Adolfo Ottoniel Monterroso Rivas
Subsecretario Nacional de Ciencia y Tecnología
Se ha estimado que Guatemala debería contar con un aproximado de 1,000 a 1,200 investigadores/as de dedicación completa por millón de habitantes, para acercarse a los más de 5,000 investigadores por millón de habitantes con los que cuentan los países desarrollados o los 1,200 en los países latinoamericanos de alto ingreso (Banco Mundial, 2026). Sin embargo, estimaciones recientes indican que en Guatemala hay 26 investigadores/as por millón de habitantes, lo que limita nuestras condiciones para el desarrollo nacional (Unesco 2017).
El programa de becas nacional, llamado FormaCTi y cuya convocatoria está abierta hasta el 15 de abril, impulsa la formación de maestrías y doctorados para estudios en universidades nacionales o en el extranjero. Desde el 2015, se han financiado 47 becas, de las cuales el 49 % ha sido para estudios de maestría, 19 % para doctorado y 32 % para apoyar estudios de licenciatura.
Es evidente que se debe dedicar un mayor esfuerzo a la formación de científicos y científicas en el país, dando un mayor énfasis a los programas de doctorado, pues son donde primordialmente se forma a los investigadores. Para ello se debe apoyar un estimado de entre 50 a 100 becas de maestría por año y alcanzar por lo menos unos 50 doctorandos por año durante los próximos diez años.
En los programas de becas son importantes las consideraciones de género y de la diversidad cultural del país.
En los programas de becas son importantes las consideraciones de género y de la diversidad cultural del país, fomentando la equidad y creando políticas positivas. En los apoyos financieros otorgados por el Concyt de 2015 a la fecha en maestría y doctorado, el 56 % ha sido para hombres y el 44 % para mujeres, pero el número de mujeres apoyadas para programas de doctorado es únicamente del 6 %.

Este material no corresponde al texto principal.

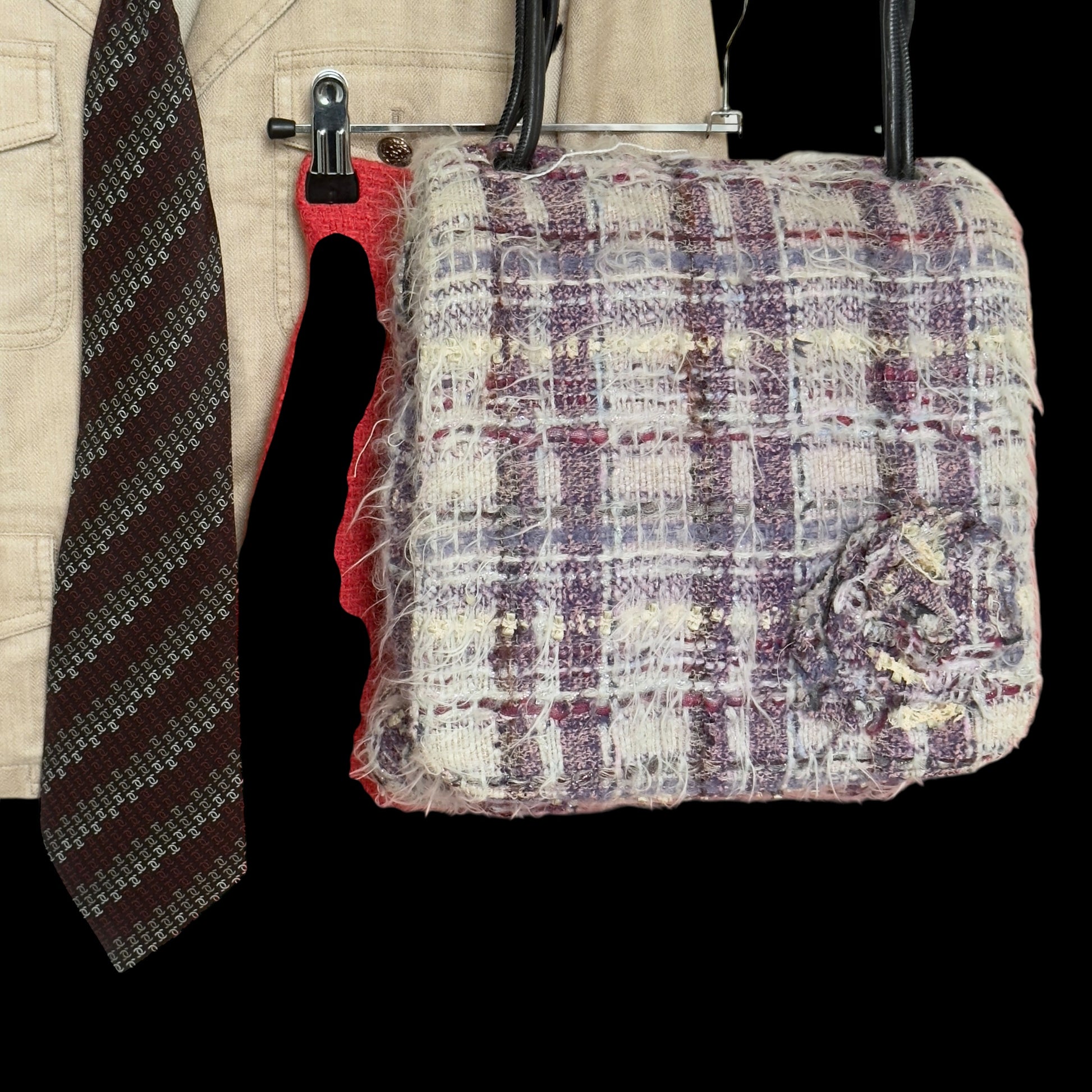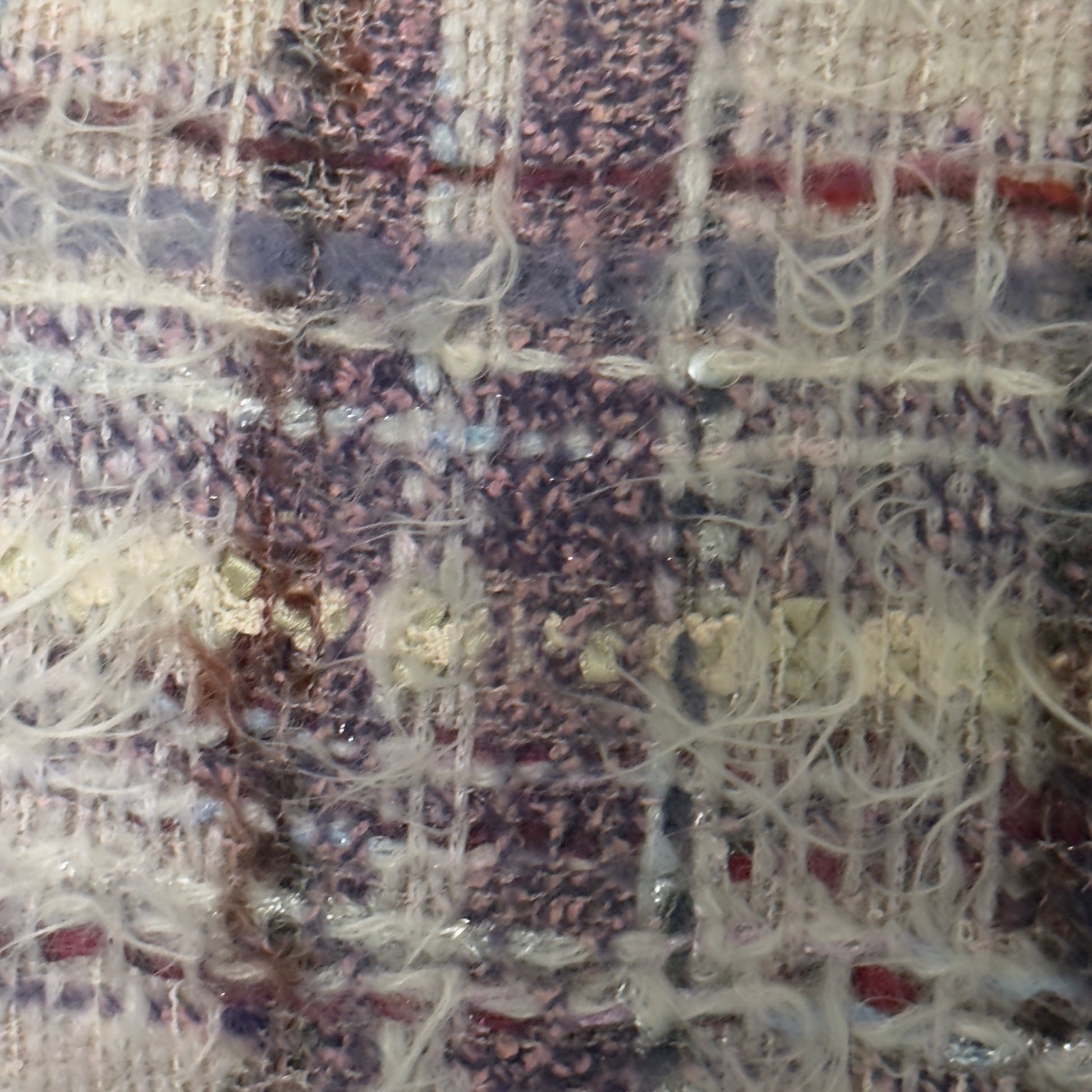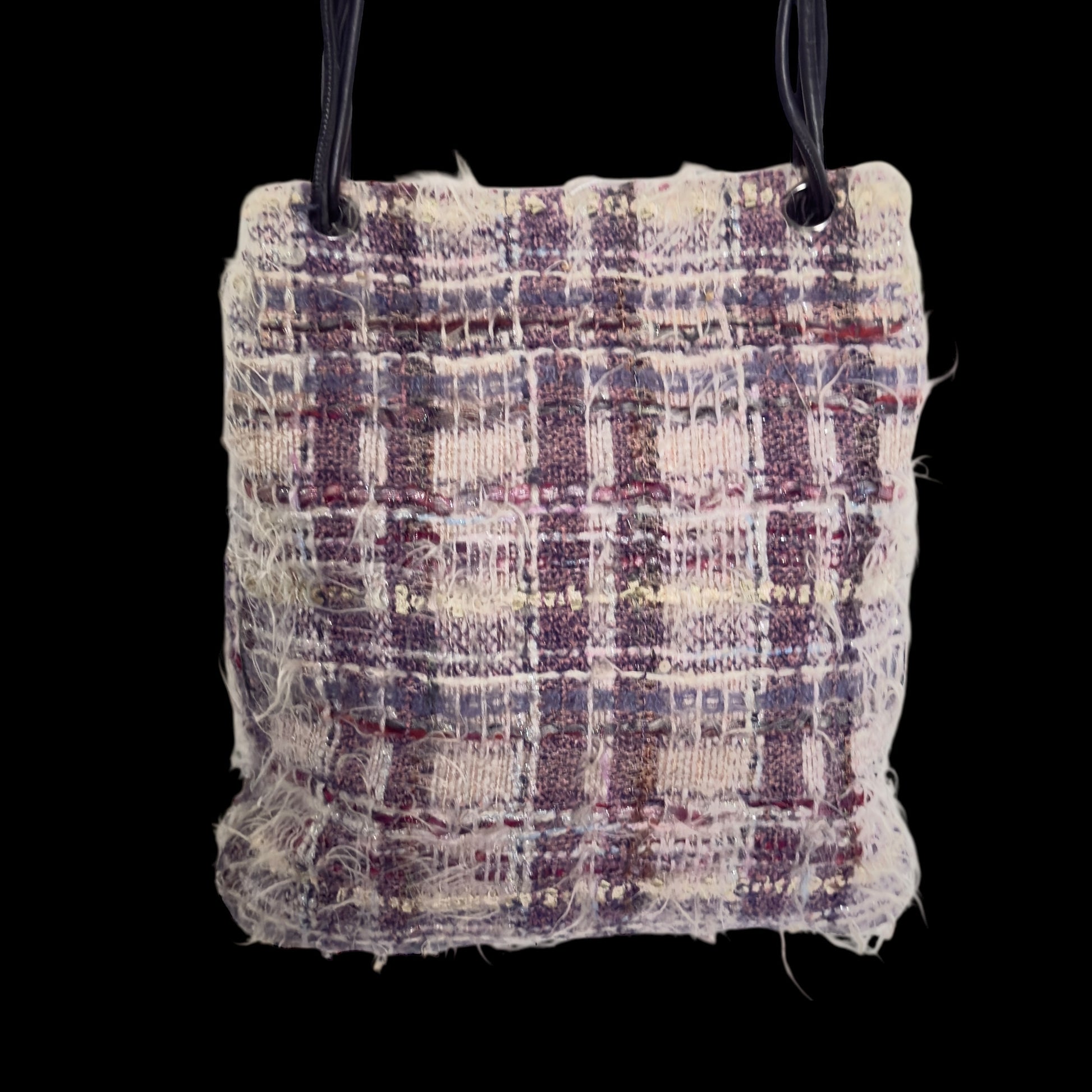 CHANEL tweed shoulder bag: off white with purple, dark purple, red, pink, and silver

Al mismo tiempo que se trabaja en la meta de formación de capacidades de investigación, la política de ciencia y tecnología debe trabajar con los oferentes de programas de doctorado y maestrías en ciencias e ingeniería en el país, así como los centros y organizaciones donde los profesionales podrán hacer investigación. La estructura del Sistema Nacional de Ciencia y Tecnología (Senacyt), con sus comisiones y estructura institucional, ofrece una plataforma para crear sinergias sobre la oferta de programas de posgrado así como de la oferta de puestos de trabajo, pero se deben identificar mejores mecanismos de financiamiento y coordinación.
La oferta de posgrados de maestrías y doctorados sobre investigación e ingeniería es baja en el país, aunque existen iniciativas puntuales e importantes en algunas universidades. Sin embargo, la actual crisis por la que atraviesa la universidad nacional pone retos adicionales, por lo que es importante que se reencaucen las funciones principales de docencia e investigación de la universidad pública y así contribuir con la formación de capacidades y la generación de ciencia que se requieren en el país.